Что-то мне не по себе, — даже Голос Лампы почувствовал неладное.

— Выбираемся отсюда. Быстро, — сказал сторож. — Волчок взял след.


***


— У-у-у… — выдохнул Волчок.

Его ноги подкашивались. Изрядно кружилась голова. Волчку было очень-очень плохо. Как будто бы похмелье, предназначенное дюжине выпивох, разом досталось ему одному. А самое обидное, что браги он при этом не выпил ни капли.

— Не могу, — сказал он.

— Ну Волчок, ну миленький, постарайся, — попросил Влад.

— Не могу.

— Ради Белой Рати.

— Ради Рати?

— Ну а ради чего же еще?

— Ладно, попробую.

Волчок шлепнул себя по щеке. Собранности от этого не прибавилось.

И кой черт дернул его присоединиться к погоне? Ах, ну да, это же Влад приказал. Безумец этот Влад.

Волчок медлил. Ему очень не хотелось пользоваться своим даром здесь.
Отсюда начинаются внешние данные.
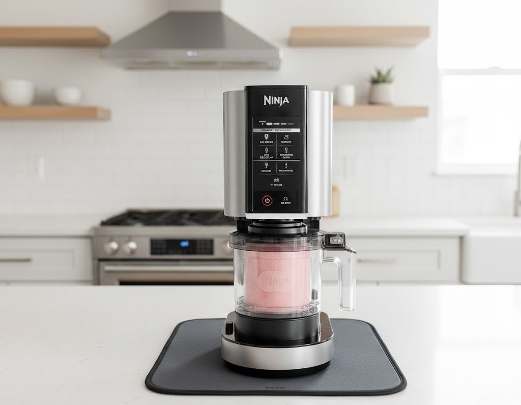 The Kozie Slide™ Sound-Reducing Appliance Mat was designed specifically for the Ninja Creami® to help reduce vibration noise while protecting your kitchen counters.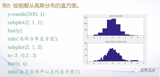 其中,参数y是要统计的数据,x用于指定区间的划分方式,若x为标量,则将统计区间分为x个小区间,若x为向量,则向量中每一个值指定向量的中心值,元素的个数为数据分组数,x缺省时,默认按照10个区间进行统计。

Чтобы не сойти с ума, он перестал дышать носом еще за несколько верст до Низин.

— Как вы здесь, блядь, живете? — презрительно спросил он у старосты.

— А что не так? — удивился Златославыч.

— Все, — ответил Волчок.

Сплюнув в сердцах, ратник сжал кулаки и втянул носом густой воздух Нижних Низин.
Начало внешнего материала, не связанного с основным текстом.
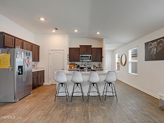 **NEWER BUILD**OPEN LAYOUT**SPLIT BED FLOOR PLAN** Move right into this newer build (2023) in the highly desirable community of The Arbors! This stunning 4-bedroom, 2-bathroom home features a sought-after SPLIT BEDROOM FLOOR PLAN and a convenient 2 CAR GARAGE. Enjoy the privacy offered by the charming front porch and a side entrance, leading into a spacious OPEN LAYOUT defined by thoughtfully curated and high-end finishes. Stylish woodlike LVP FLOORING flows throughout the main living areas, complemented by plush carpeting in the bedrooms and living room. The gourmet kitchen is a focal point, boasting a HUGE ISLAND/BREAKFAST BAR perfect for gathering and entertaining. Beyond your front door, you'll have access to RESORT STYLE AMENITIES within the community. The location is ideal just a few miles from the expansive River City Marketplace for all your shopping and dining needs, and close to Jacksonville International Airport. Don't miss this amazing opportunity!

Для звериного обоняния Волчка местные запахи были невыносимы. Так же отреагирует ухо обычного человека на гром от молнии, бьющей ему прямо под ноги. Но не так, мол, трах-бабах и все, а постоянно, не прекращая ни на секунду. И где-то за этим оглушительным треском Волчку нужно было услышать робкий шепот. Шепот запаха беглых преступников Пересвета и Бажена.

— У-у-у-у-у… — выдохнул он.

Волчка зашатало из стороны в сторону. Его сознание уже стояло в дверях и выпивало на посошок. Чтобы не упасть, он сел прямо на мягкую болотистую землю Низин.

— Там, — он указал на хлев.

— Боря, иди, проверь.

Боря пошел проверять, а над Волчком сомкнулась темнота. Ему снился кусок жареного мяса, цветущая сирень и свежие березовые опилки.


***


Меленькими перебежками от куста к кусту, Пересвет Лютич и Бажен Нежданович вернулись из хлева в амбар. Мешки с крупами и овощами не теснились и не возмущались, поскольку разума в них было, как в мешках с крупами и овощами.

— Бажен Нежданович, а вы уверены, что вернуться в амбар — это хорошая затея?

— Нет, — честно ответил сторож.

— Ясненько.

— Это полнейшая глупость и проявление скудоумия.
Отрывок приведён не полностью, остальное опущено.